Frequent blog readers probably know that I and a couple of others like Joe Bilby are always trying to confirm CW battle ranges. I recently came across an account of the battle of Corinth (Oct. 3-4, 1862) that talks about it. A soldier in the 2nd Iowa wrote:
The Rebel batteries silenced ours, and about 4 o’oclock they advanced … When they got within 200 yards we received the command to fire, and our fire told with fearful effect on the enemy.
It would help immensely to know that the 2nd Iowa (and the rest of the brigade—Hackelman’s brigade, consisting of the 2nd Iowa, 7th Iowa, and 52nd Illinois) were armed with. Rifles or muskets? If rifles this was a reasonable engagement range and at odds with the arguments of Griffith, Hess, et. al. that battle ranges remained very short. If they had smoothbore muskets then this was extreme range.
UPDATE: Came across a section from a book on light infantry written by a British officer in 1806 (and quoted by an officer at the School of Musketry at Hythe in 1861).
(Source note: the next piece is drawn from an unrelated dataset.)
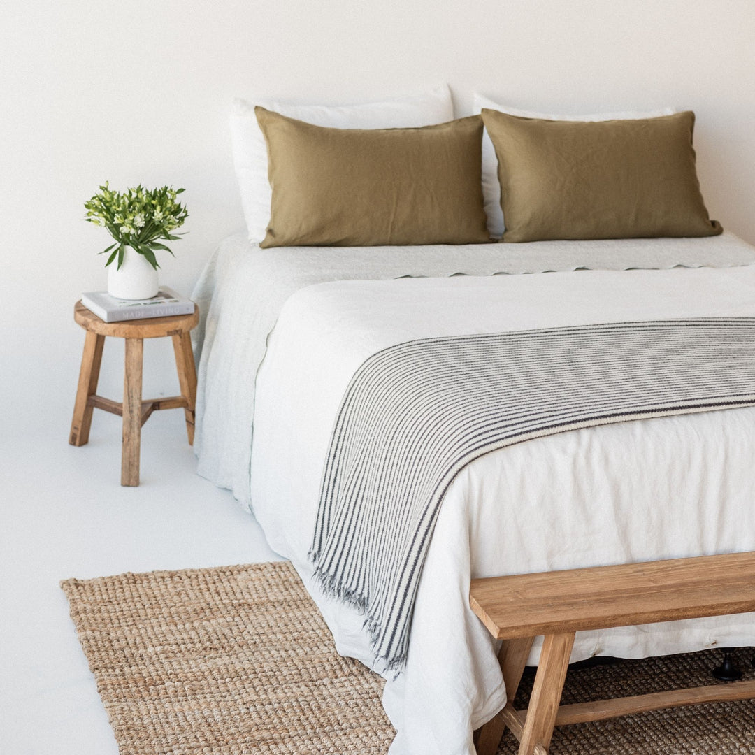 Elegance meets raw, natural beauty in this sustainably- produced throw blanket made in New Zealand, with homegrown lambswool from Kate’s Hawke’s Bay farm. Foxtrot Home’s textural throw blankets are finished with a raw, organic, tufted edge on two ends and immaculate sewn seams on the sides.

Instruction in firing without elevating the sight forms part of the military teaching. In Cooper’s “Practical Guide for the Light Infantry Officer,” a target is described with three broad horizontal bars across it at equal intervals. The soldier is told to aim at the lowest of these when firing at from 100 to 200 yards, and at the highest of them when firing at 300 yards. The purpose of this is to accustom the soldier to aim always along the barrel, but at different points on the object, according to the distance.
The captain here is talking about the Baker rifle, but the P53 Enfield, though a refined version, is not materially different when it comes to muzzle velocity. So in CW soldier’s terms: at really close ranges—less than 100 yards—aim at knee level; at 100 yards (where the battle sight is set) at the enemy’s belt buckle; at 200 yards at mid-chest; and at 300 yards at the top of his head. All this can be done in mid-battle without resetting the sight.